All divisions of the University are actively involved with improving equity and accessibility in higher education. Below is a snapshot of research in this field that has been carried out across numerous divisions, faculties and centres of the University of Newcastle.
The Aspirations Longitudinal Study is a significant four-year research project that is the first of its kind to seek a comprehensive insight into the factors that shape the career and educational aspirations of students in the middle years of schooling.
The project has attracted more than $1m in funding from the Australian Research Council and the NSW Department of Education and Communities (DEC). The research team, led by Professor Jenny Gore, will track children from 85 state schools to investigate how their aspirations develop or change over time.
This project received almost $70,000 in 2014 by the National Centre for Equity in Higher Education at Curtin University. Over the next year it will examine the impact schools have on a student's decision and aspirations about going to university.
Carried out by the Faculty of Education and Arts, the project will investigate subject selection, teachers and teaching as well as specific educational and career interventions. Interviews with current Year 11 students, their parents and teachers will be carried out along with interviews of former students from the same schools now at university. The case studies produced will be used to validate and form narratives of the impact of school, taking into account socio-economic status (SES), Aboriginality, rurality and gender.
This study draws from a 2012-2015 ARC Linkage study of students' educational and career aspirations from Year 3 to Year 12. The Choosing University study focuses on low SES and other marginalised students within the 2014 Aspirations Study Year 11 cohort of approximately 1200 students. At this point in schooling planning for the transition to tertiary education typically solidifies.
The University of Newcastle has secured almost $300,000 in funding as part of a $2.2 million collaborative grant from the Office for Learning and Teaching (OLT) for research into teacher enrichment up until 2016.

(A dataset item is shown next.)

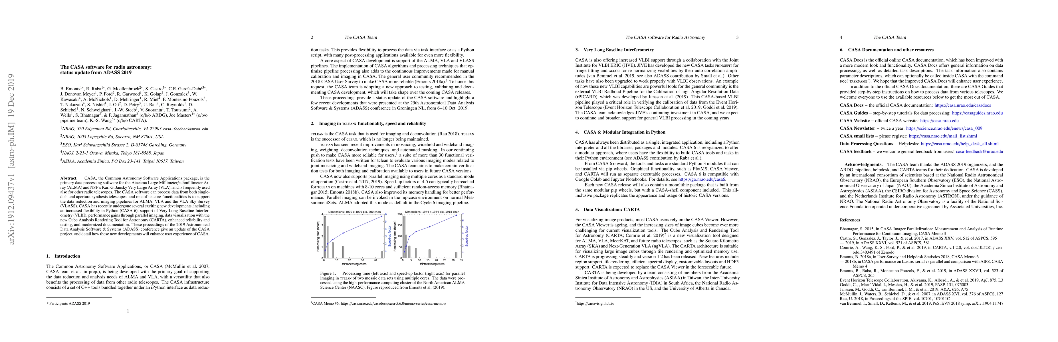 The CASA software, a primary data processing tool for ALMA and VLA, has seen significant updates including Python flexibility, VLBI support, parallel imaging, and improved documentation. These enhancements aim to boost the user experience and efficiency of radio astronomy data analysis.

Inspiring Mathematics and Science in Teacher Education (IMSTE) aims to develop new interdisciplinary methods to improve mathematics and science training at university for potential teachers. The project hopes to enhance the quality of teaching in these areas and consequently increase student understanding and aspirations around science and mathematics.
The project is being carried out in collaboration with University of Queensland (lead), James Cook University, the University of Sydney, the University of Wollongong, the University of Newcastle (UoN) and the University of Tasmania.